• [Exercise prompt] Your answer must be the full set of records, copied exactly, with no pictures in it.

----------

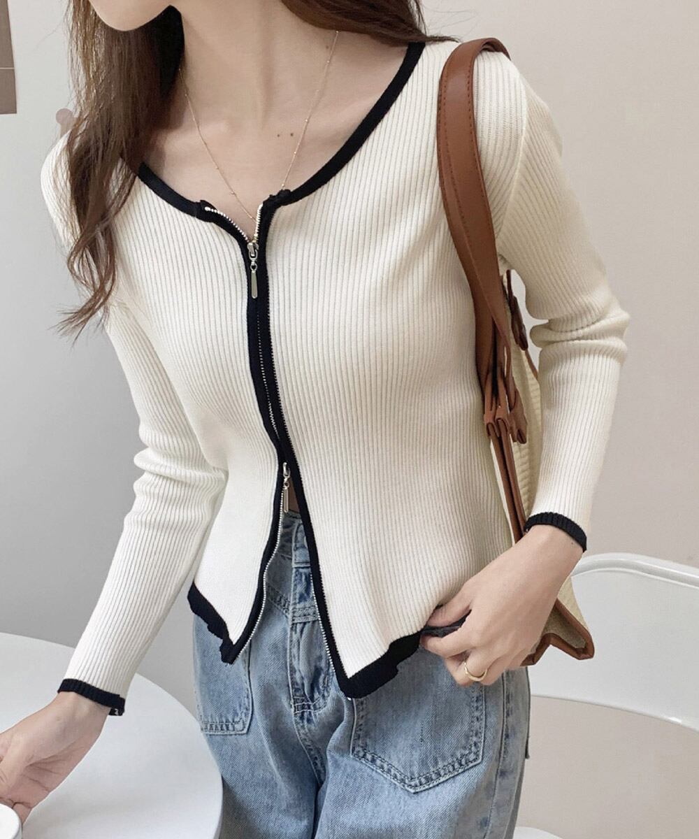 一枚で季節感を楽しめるダブルジップニットカーディガン。
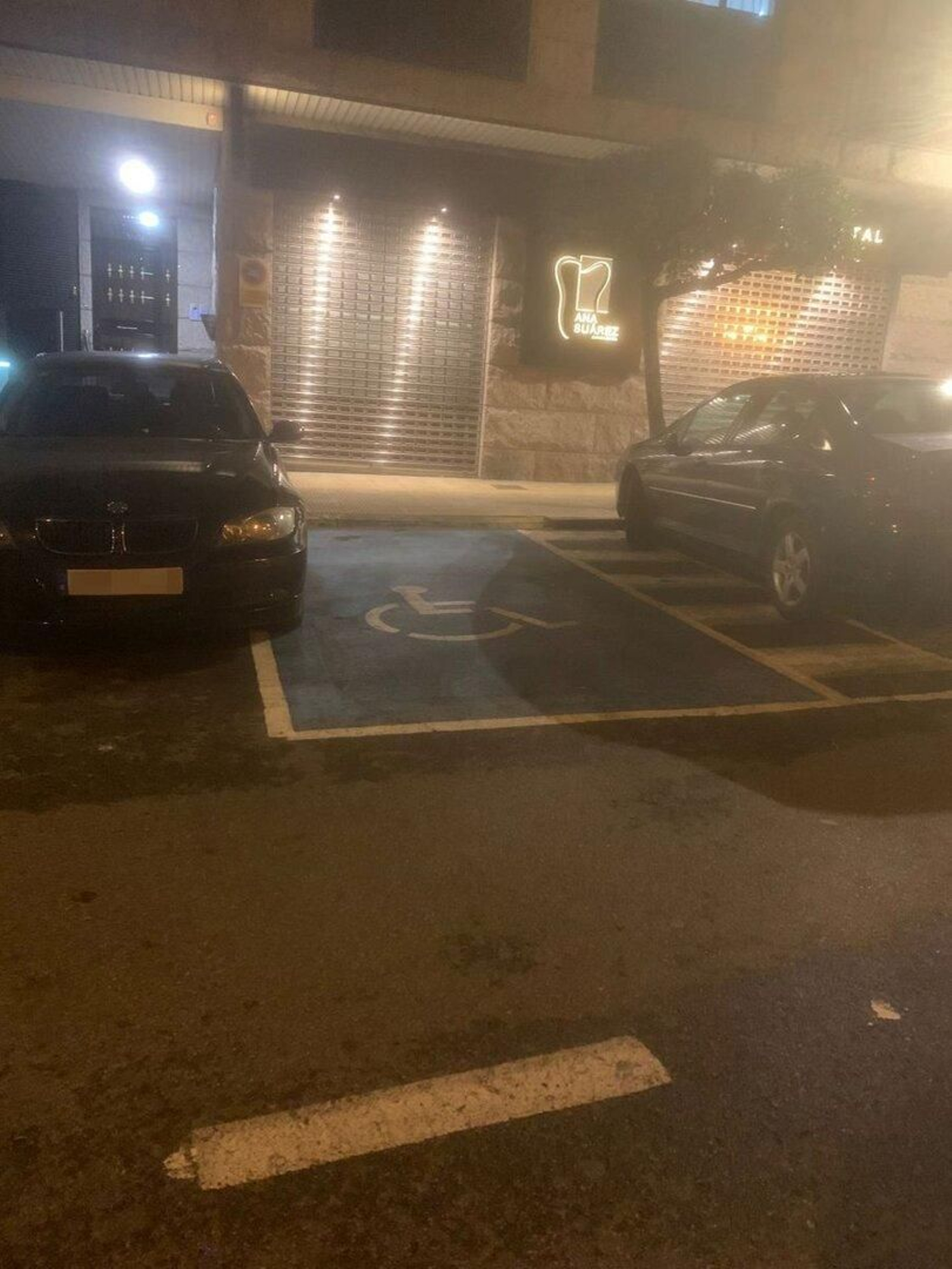 En la imagen se puede comprobar el poco respeto que hay hacia los usuarios de las plazas de discapacitados en A Valenzá. Si aparcas no puedes salir del coche y todos los días y a todas horas lo mismo, si quieren además de la plaza, les dejo mi discapacidad.
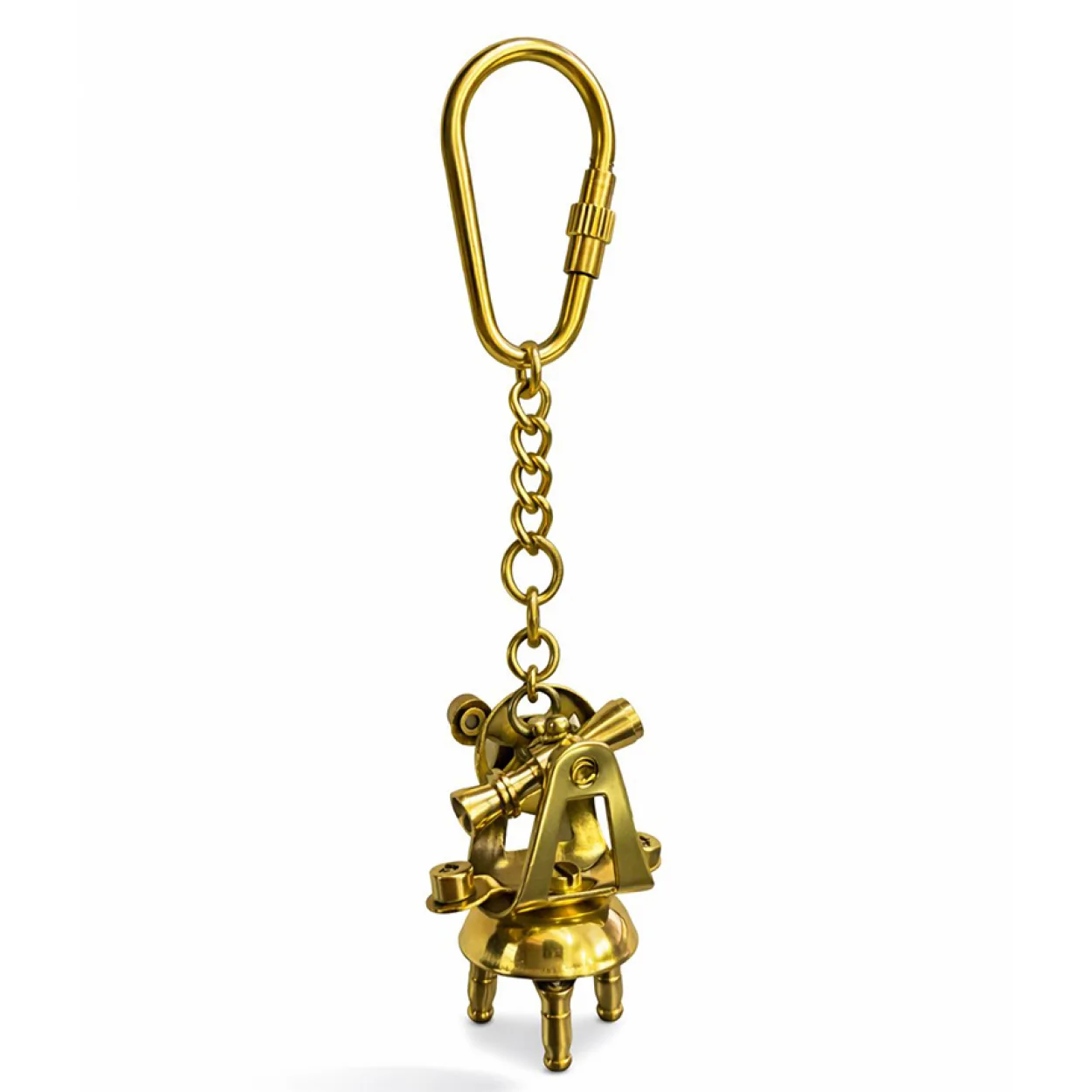 Nostaljik Pirinç Mini Teodolit Anahtarlık - Antik Görünümlü Denizci Temalı Hediyelik
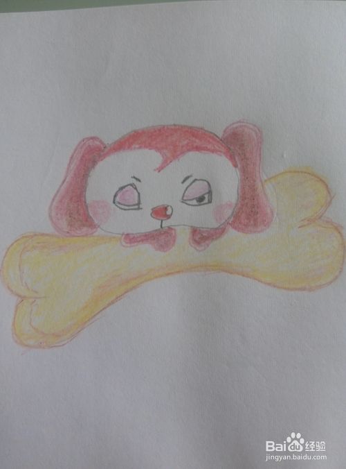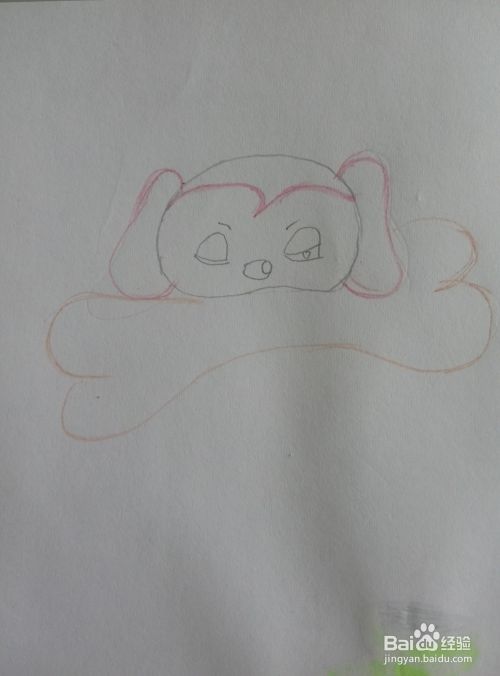 沿着小狗的下巴,画出一根横放着的大骨头。
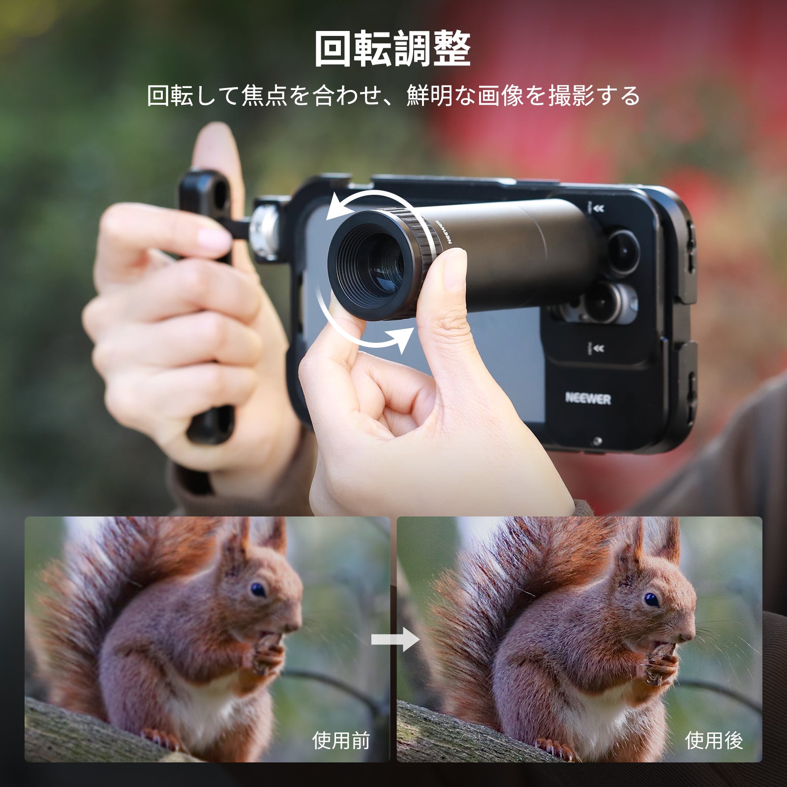 【ご注意】1.使用前に、スマホのメインカメラと追加カメラを掃除してください。スマホモデルによってはケラレが発生する場合があります。その場合は、レンズを締めるか、カメラの倍率を1.1倍以上にズームしてください。2.安定性を高めて揺れを防ぐため、レンズとスマホケージ、スマホケース、またはバックプレートの間に隙間がなくなるまでレンズを締めてください。 鮮明な写真を撮るには三脚の使用をお勧めします
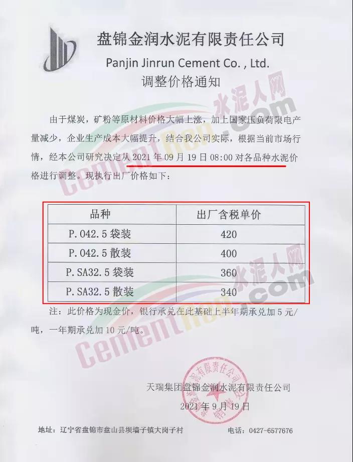 盘锦金润水泥通知,9月19日起调整水泥价格,PO42.5散装水泥报价400元/吨。
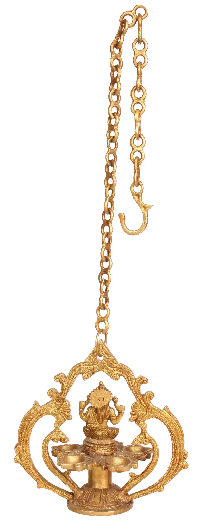 The hanging lamps illuminate the land's surface above. These lamps are often used to adorn temples and create a wonderful mood during Poorams. The Lakshmi hanging lamp made of brass is one of the most auspicious lamps used in ceremonies. The image of Goddess Lakshmi, the bestower of wealth and prosperity, is located in the center of the oil basin and is surrounded by peacock feathers that form an aureole. The five-wick light under the picture of the Goddess resembles a fully blossomed lotus, offering an illuminated throne for the Goddess of wealth.

----------

• [Solution to this task]
 一枚で季節感を楽しめるダブルジップニットカーディガン。
 En la imagen se puede comprobar el poco respeto que hay hacia los usuarios de las plazas de discapacitados en A Valenzá. Si aparcas no puedes salir del coche y todos los días y a todas horas lo mismo, si quieren además de la plaza, les dejo mi discapacidad.
 Nostaljik Pirinç Mini Teodolit Anahtarlık - Antik Görünümlü Denizci Temalı Hediyelik
 沿着小狗的下巴,画出一根横放着的大骨头。
 【ご注意】1.使用前に、スマホのメインカメラと追加カメラを掃除してください。スマホモデルによってはケラレが発生する場合があります。その場合は、レンズを締めるか、カメラの倍率を1.1倍以上にズームしてください。2.安定性を高めて揺れを防ぐため、レンズとスマホケージ、スマホケース、またはバックプレートの間に隙間がなくなるまでレンズを締めてください。 鮮明な写真を撮るには三脚の使用をお勧めします
 盘锦金润水泥通知,9月19日起调整水泥价格,PO42.5散装水泥报价400元/吨。
 The hanging lamps illuminate the land's surface above. These lamps are often used to adorn temples and create a wonderful mood during Poorams. The Lakshmi hanging lamp made of brass is one of the most auspicious lamps used in ceremonies. The image of Goddess Lakshmi, the bestower of wealth and prosperity, is located in the center of the oil basin and is surrounded by peacock feathers that form an aureole. The five-wick light under the picture of the Goddess resembles a fully blossomed lotus, offering an illuminated throne for the Goddess of wealth.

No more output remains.